**WORK INSTRUCTION:**
All that is needed is the line containing "قال ابن كثير: هذه" and the lines after it to the end of the material, written out exactly, pictures left aside.

**DATA PROVIDED:**
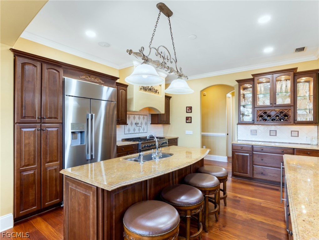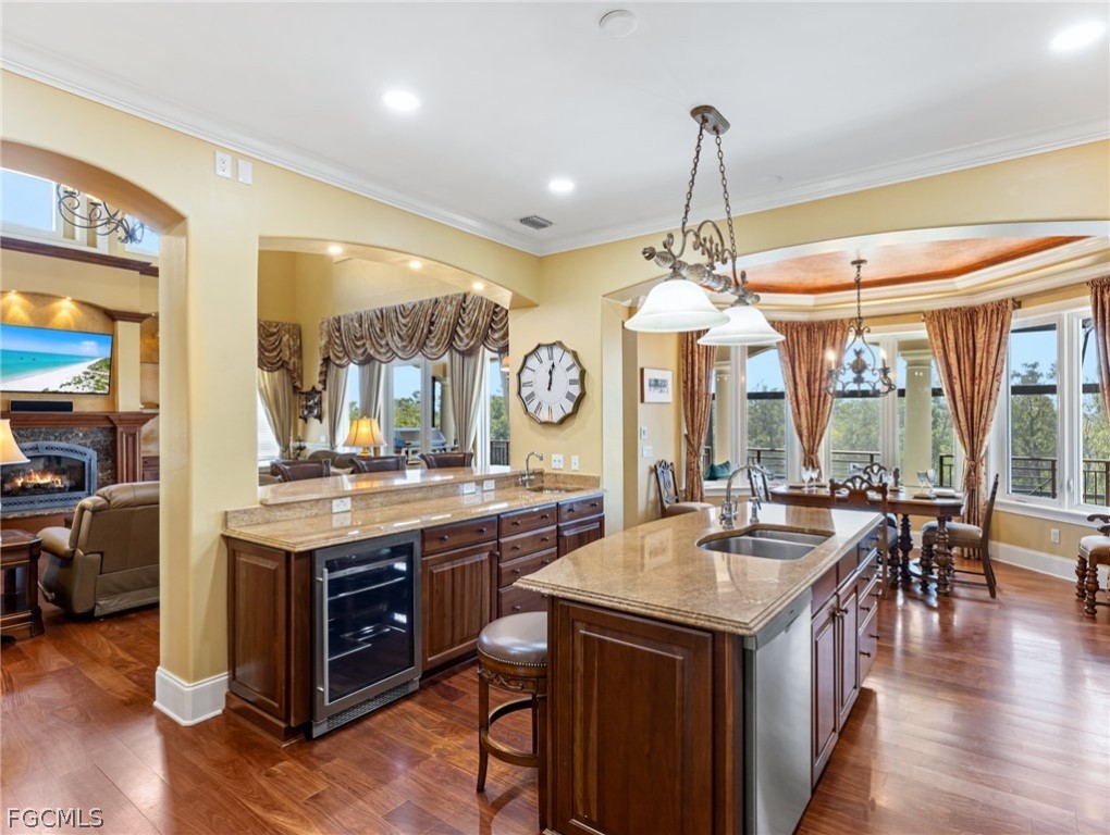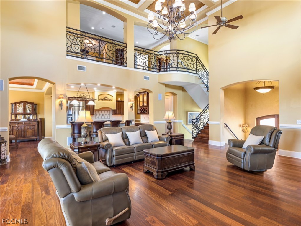 Palm Isles is the saltwater location, location, location for your Southwest Florida boating lifestyle! This fabulous 3-story custom home is literally built like a fortress! Situated on a direct gulf-access waterfront lot near Fort Myers Beach this multi-story stunning residence overlooks state owned mangrove preserve. Living areas on levels 2 and 3 total 3406 sq ft. Level 1 includes an oversized 2-car garage measuring 653 sq ft PLUS an additional 1800 sq ft of bonus area! Watch the video and view the photos! This Dan Sater Collection luxury home was meticulously designed and built to be aesthetically pleasing from all four sides. An elegant front entry foyer rises to a soaring coffered ceiling great room you must experience to believe. The word kitchen does not adequately describe the culinary entertaining space where you will be cooking with gas utilizing a DCS professional range accented with pasta pot filler. 4 bedrooms, 3 full baths, 1 half bath, elevated loft overlooking great room, abundant closets for storage, mahogany wood flooring, lighted tray ceilings, and two laundry rooms for ultimate convenience. Primary bedroom suite provides sweet dreams, lighted double tray ceiling, veranda access, waterfront preserve views, and two walk-in closets. This primary bath was created for optimal personal enjoyment with jetted tub for soaking, separate shower with multiple sprays, dual sinks, and cosmetics vanity. Outdoor living begins on the spacious Florida front porch and expands to a rear elevation only Dan Sater could imagine. Encapsulated within a brand new 2-story picture-window pool cage is a gas heated pool, integrated spa, 1000 sq ft pool patio, 1000 sq ft lanai, and 1000 sq ft veranda. The top floor balcony observation deck enables views across the mangrove forest canopy all the way to the gulf beaches horizon. Real outdoor living begins in your favorite boat moored out back! An 1100 sq ft wrap-around dock features a 15k lb boat lift, electric, water, and fish cleaning station. Incredibly important to know, this 120 ft wide canal is maintained by NE Hurricane Bay MSTU to a maximum navigable depth! A 500-gallon underground propane tank provides an efficient energy source for the fireplace, summer kitchen grill, tankless water heater, clothes dryer, professional range, and pool heater. No expense was spared when this architectural masterpiece recently underwent a comprehensive $145,000 waterproofing project with transferable extended warranties covering every square inch including a new premium flat tile roof, stucco integrity analysis, powder coated aluminum railings, window sealing, and professional-grade paint. This home even has a cool attic insulated with Isynene spray foam on the underside of the roof decking! Call now to learn more.
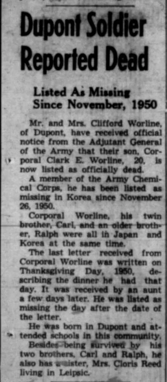 FORT KNOX, Ky (5-10-23) . – The remains of a Soldier killed during the Korean War will be interred May 19 at Fairview Cemetery, Dupont, Ohio. Graveside services for Army Cpl. Clark E. Worline will be performed by Love-Heitmeyer Funeral Home, Fort Jennings, Ohio, preceding the interment.
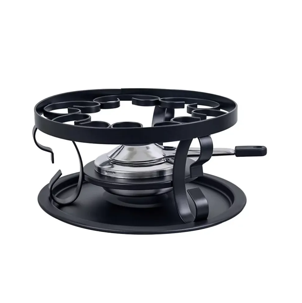 Réchaud à fondue luxe noir Table&cook – Réchaud à fondue luxe SH001 de Table&Cook.Conviviaux non-électrique et accessoires.Réchaud à fondue noir. Luxe. Idéal pour vos soirées fondue! Pour poser votre caquelon/poêlon à fondue et maintenir la température idéale de votre fromage fondu tout au long du repas. Réchaud et plateau en métal noir. Brûleur inox avec embout isolant. Le brûleur s’utilise uniquement avec de la pâte combustible (ne pas utiliser avec de l’alcool à brûler). – Type de produit : Réchaud à fondue luxe.Diamètre : 21 cm.Plateau : 23 cm.Matière: métal.Couleur : Noir.
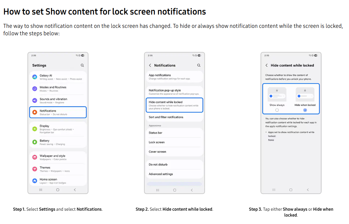 Android 8.0 이상에서 단일 앱에 존재하는 여러 채널에 대해 각각 lock screen notification 을 활성화, 비활성화 할 수 있다. (삼성 One UI 6.1 버전부터 해당 기능이 다르게 기능)
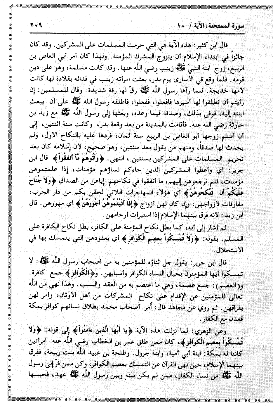 قال ابن كثير: هذه الآية هي التي حرمت المسلمات على المشركين. وقد كان جائزا في ابتداء الإسلام أن يتزوج المشرك المؤمنة. ولهذا كان أمر أبي العاص بن الربيع، زوج ابنة النبيّ صلى الله عليه وسلم زينب رضي الله عنها. وقد كانت مسلمة، وهو على دين قومه. فلما وقع في الأسارى يوم بدر، بعثت امرأته زينب في فدائه بقلادة لها كانت لأمها خديجة. فلما رآها رسول الله صلى الله عليه وسلم رقّ لها رقة شديدة. وقال للمسلمين: إن رأيتم أن تطلقوا لها أسيرها فافعلوا، ففعلوا
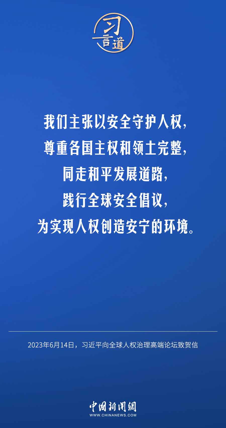 6月14日,国家主席习近平向全球人权治理高端论坛致贺信。他指出——

**TASK SOLUTION:**
 قال ابن كثير: هذه الآية هي التي حرمت المسلمات على المشركين. وقد كان جائزا في ابتداء الإسلام أن يتزوج المشرك المؤمنة. ولهذا كان أمر أبي العاص بن الربيع، زوج ابنة النبيّ صلى الله عليه وسلم زينب رضي الله عنها. وقد كانت مسلمة، وهو على دين قومه. فلما وقع في الأسارى يوم بدر، بعثت امرأته زينب في فدائه بقلادة لها كانت لأمها خديجة. فلما رآها رسول الله صلى الله عليه وسلم رقّ لها رقة شديدة. وقال للمسلمين: إن رأيتم أن تطلقوا لها أسيرها فافعلوا، ففعلوا
 6月14日,国家主席习近平向全球人权治理高端论坛致贺信。他指出——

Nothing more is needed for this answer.